"""

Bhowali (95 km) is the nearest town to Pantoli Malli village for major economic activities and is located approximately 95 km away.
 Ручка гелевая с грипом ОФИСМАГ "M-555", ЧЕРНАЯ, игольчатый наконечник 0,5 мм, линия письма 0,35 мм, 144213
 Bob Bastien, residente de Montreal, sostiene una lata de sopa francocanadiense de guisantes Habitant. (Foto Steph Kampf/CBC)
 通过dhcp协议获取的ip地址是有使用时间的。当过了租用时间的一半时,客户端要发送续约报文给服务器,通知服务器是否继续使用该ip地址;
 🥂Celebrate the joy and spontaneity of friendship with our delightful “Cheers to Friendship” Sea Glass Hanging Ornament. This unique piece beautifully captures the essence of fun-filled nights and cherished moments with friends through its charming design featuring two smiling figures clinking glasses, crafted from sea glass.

"""
"""

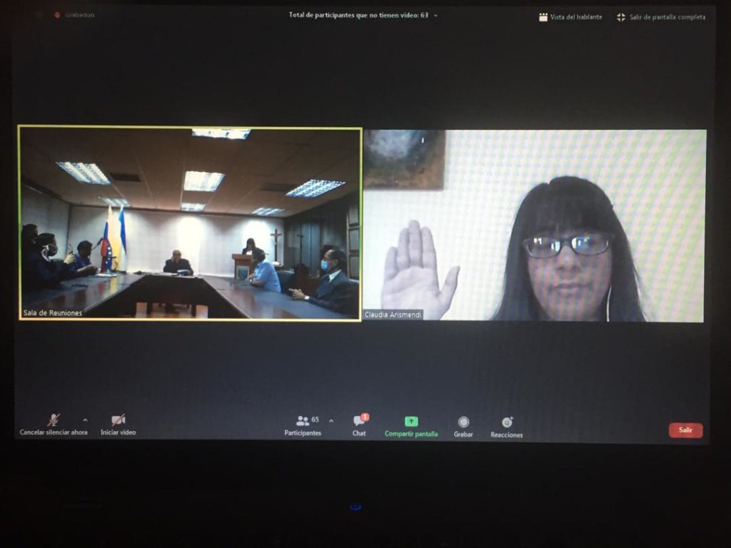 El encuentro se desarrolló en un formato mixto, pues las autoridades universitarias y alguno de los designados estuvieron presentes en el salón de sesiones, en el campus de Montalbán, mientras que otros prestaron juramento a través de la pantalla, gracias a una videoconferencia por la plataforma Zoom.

"""
"""

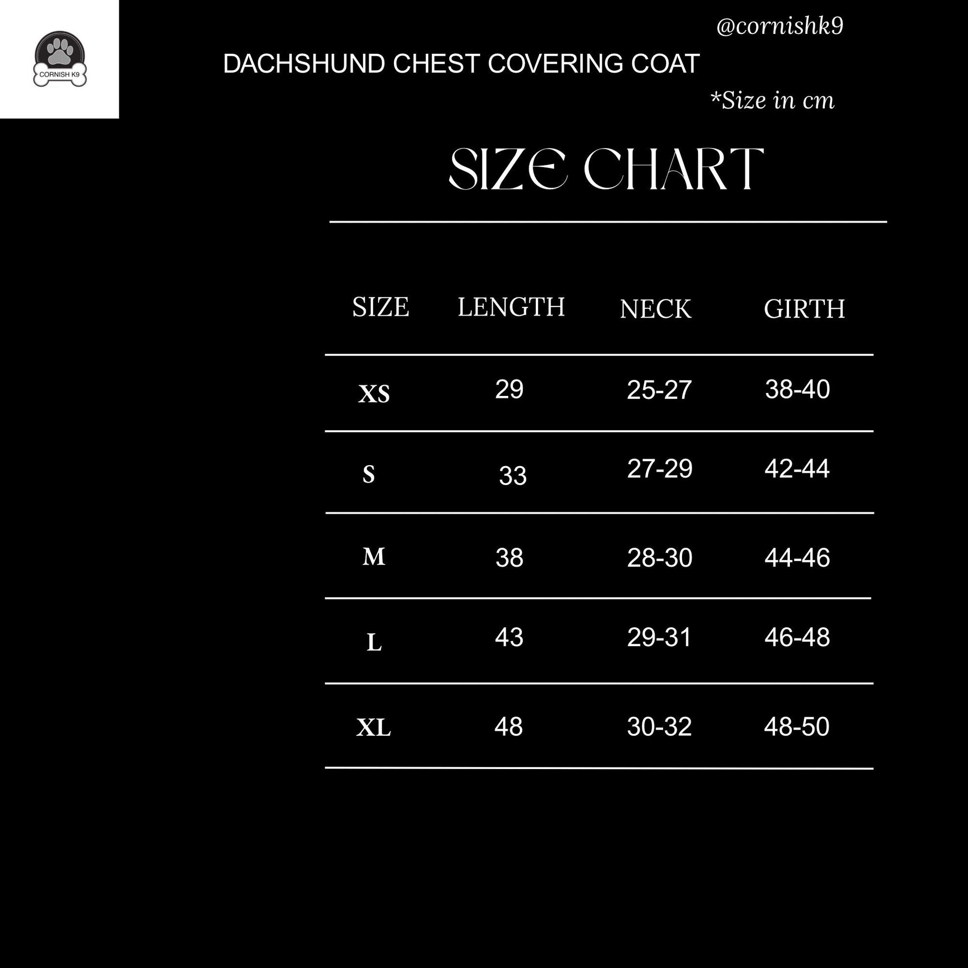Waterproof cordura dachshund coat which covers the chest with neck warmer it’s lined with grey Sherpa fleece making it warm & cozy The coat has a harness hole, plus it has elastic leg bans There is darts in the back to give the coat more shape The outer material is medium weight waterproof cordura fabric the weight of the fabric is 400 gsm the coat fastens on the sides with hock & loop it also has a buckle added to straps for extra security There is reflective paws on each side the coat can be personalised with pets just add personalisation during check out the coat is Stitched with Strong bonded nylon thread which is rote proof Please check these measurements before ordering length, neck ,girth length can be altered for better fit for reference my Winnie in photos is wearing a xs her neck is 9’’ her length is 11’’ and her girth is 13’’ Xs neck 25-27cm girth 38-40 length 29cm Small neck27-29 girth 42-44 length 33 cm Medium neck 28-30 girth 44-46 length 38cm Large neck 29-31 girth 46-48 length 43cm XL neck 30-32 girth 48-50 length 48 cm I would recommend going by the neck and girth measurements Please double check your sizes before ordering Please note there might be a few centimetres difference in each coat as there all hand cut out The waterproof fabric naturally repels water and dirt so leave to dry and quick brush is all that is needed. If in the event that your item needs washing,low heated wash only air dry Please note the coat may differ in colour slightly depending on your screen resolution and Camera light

"""

__Exercise__. Starting at the line above that contains "Bhowali (95 km)", write out each line exactly until the line that contains "from sea glass." has been written, and stop there.

__Expected output__.
Bhowali (95 km) is the nearest town to Pantoli Malli village for major economic activities and is located approximately 95 km away.
 Ручка гелевая с грипом ОФИСМАГ "M-555", ЧЕРНАЯ, игольчатый наконечник 0,5 мм, линия письма 0,35 мм, 144213
 Bob Bastien, residente de Montreal, sostiene una lata de sopa francocanadiense de guisantes Habitant. (Foto Steph Kampf/CBC)
 通过dhcp协议获取的ip地址是有使用时间的。当过了租用时间的一半时,客户端要发送续约报文给服务器,通知服务器是否继续使用该ip地址;
 🥂Celebrate the joy and spontaneity of friendship with our delightful “Cheers to Friendship” Sea Glass Hanging Ornament. This unique piece beautifully captures the essence of fun-filled nights and cherished moments with friends through its charming design featuring two smiling figures clinking glasses, crafted from sea glass.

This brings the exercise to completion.